Les sources arabes de la physique sont essentiellement grecques, mais beaucoup plus dans l’esprit d’Archimède que dans celui d’Aristote. On peut même dire que la tendance à l’expérimentation du premier a été largement développée en Islam et que, dans les domaines de la mécanique et de l’optique, les Arabes sont les précurseurs de la science européenne.

La mécanique

En statique, l’étude des centres de gravité est étendue aux systèmes de solides liés rigidement. Les balances ont été perfectionnées et de nombreux types de balances hydrostatiques ont été construits pour la mesure des masses spécifiques, en particulier celles des alliages d’or et de métaux précieux. Des livres d’Al Biruni (973 à 1048) et de Omar Al Khayyam (déjà cité) sont consacrés à ce problème.

Dans l’étude du mouvement, les Arabes ne sont pas sortis des théories d’Aristote (fausses), malgré un intéressant effort de Ibn Sina (980 à 1037), plus connu comme médecin sous le nom européen d’Avicenne.

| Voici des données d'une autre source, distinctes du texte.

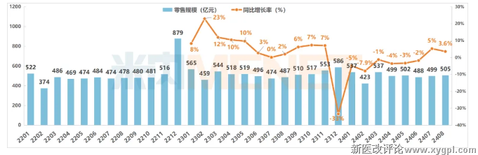 总体分析:8月中国实体药店零售规模(药品+非药)为504亿元,前8月累计下滑收窄,行业呈现震荡调整

Dans la réalisation de mécanismes, Al Jazari (XIIesiècle) utilise des dispositifs de liaison tels que courroies et bielles-manivelles, totalement inconnus en Europe mais déjà très largement développés en Chine et probablement transmis à travers l’Asie centrale.

L’optique

À Bagdad, un des premiers traducteurs de la Maison de la sagesse, Ibn Luqa, s’intéresse à la propagation en ligne droite et aux postulats d’Euclide. Son contemporain,Al Kindi, tout en maintenant l’hypothèse grecque de la vision exercée grâce à un rayon émanant de l’œil, effectue de véritables expériences sur l’émission provenant d’objets éclairés et sur l’usage des miroirs ardents (miroirs concaves).

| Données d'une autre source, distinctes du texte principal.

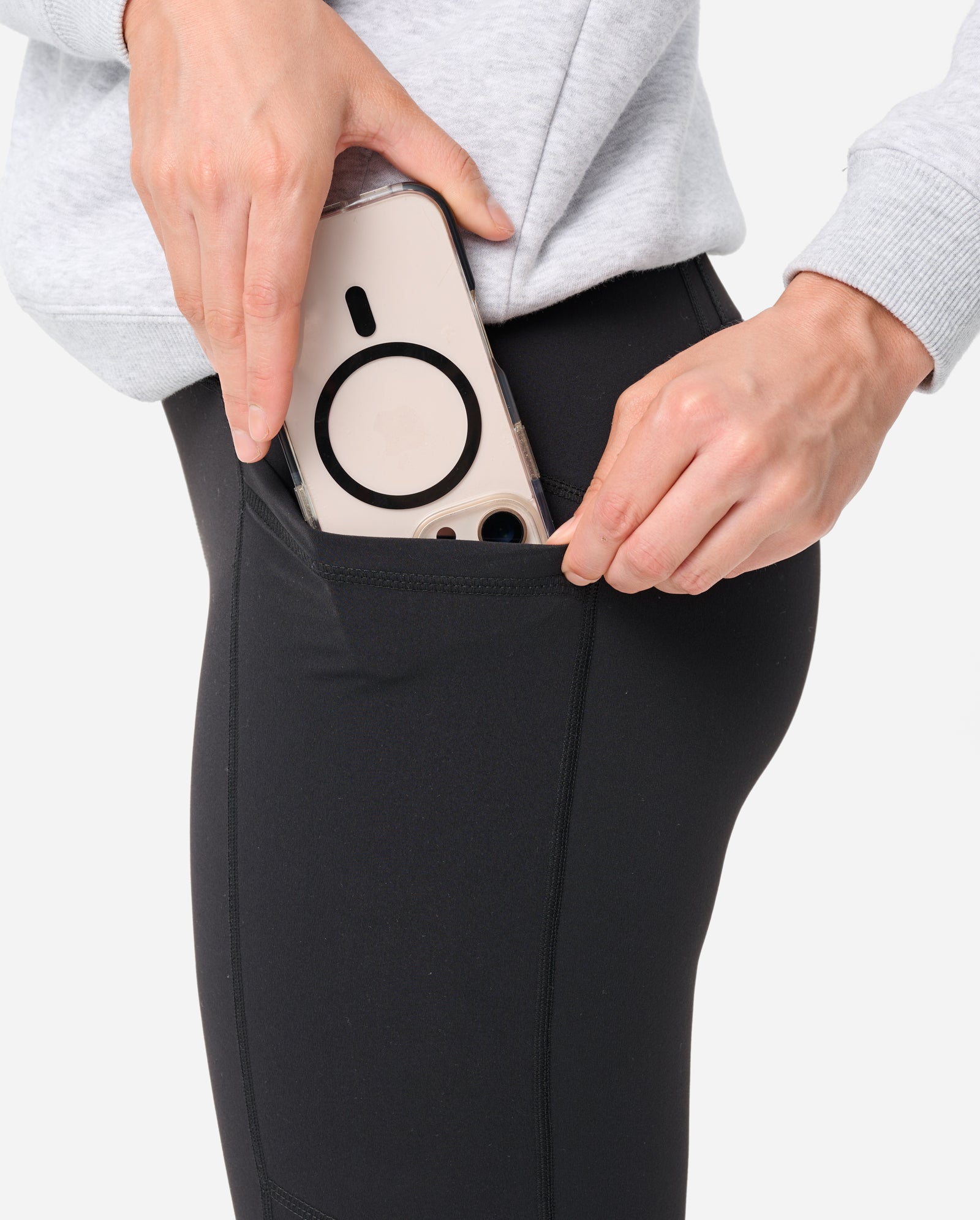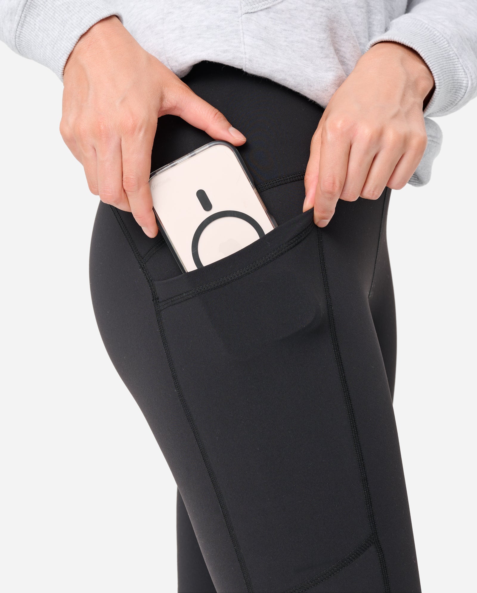 - Side pockets on both legs that fit all phones

Cependant, toutes les idées reçues sont balayées par Ibn Al Haytham (955 à 1039), né à Basra et vivant au Caire. Dans le Kitab al Manazir (Livre de l’optique), il montre expérimentalement, en disséquant des yeux de ruminants, que l’œil est un capteur qui reçoit la lumière mais n’en émet pas. Il étudie alors l’émission par des lampes à large mèche et par des corps éclairés. Ce travail est véritablement fondateur de l’optique scientifique. Il remet en doute les

expériences de réfraction de Ptolémée et même son système astronomique, pourtant universellement admis1.

Transmis un siècle plus tard à Oxford par Witelo, un moine, ce travail déterminera la contribution essentielle à la théorie des lentilles fournie par Roger Bacon.

La chimie

Il s’agit essentiellement d’alchimie, sous-tendant la recherche de la transmutation des métaux. Cependant, un certain nombre de produits d’utilité industrielle ont été bien étudiés, comme l’alun (pour le mordançage des tissus avant teinture), les acides inorganiques, nitrique, chlorhydrique, sulfurique, ou des matériaux comme le verre. Le travail le plus connu est celui de Jabir Ibn Hayyam (mort en 815), nommé Géber en Europe. Celui-ci, malgré beaucoup de magie et de religion, veut ramener toute la chimie à des lois de quantité et de mesures dans « les livres des balances ». Il recherche soigneusement toutes les applications de sa chimie à la pharmacopée, à la teinture ou à la métallurgie.

On peut dire que toute l’alchimie européenne du Moyen Âge provient de l’Islam, et pourtant les Arabes ne croyaient pas tous à la transmutation. En particulier, cette recherche a été vivement combattue par Al Kindi, Ibn Sina ou Ibn Khaldum.

Des produits techniques comme le verre, pourtant connu dès l’antiquité, ont été étudiés et renouvelés grâce à l’Islam. En effet, le royaume chrétien d’Antioche, qui a subsisté quelques temps après la chute de Jérusalem (jusqu’en 1260), a développé avec des spécialistes musulmans l’art de la verrerie et a vendu ses connaissances à Venise, d’où la célébrité de Murano.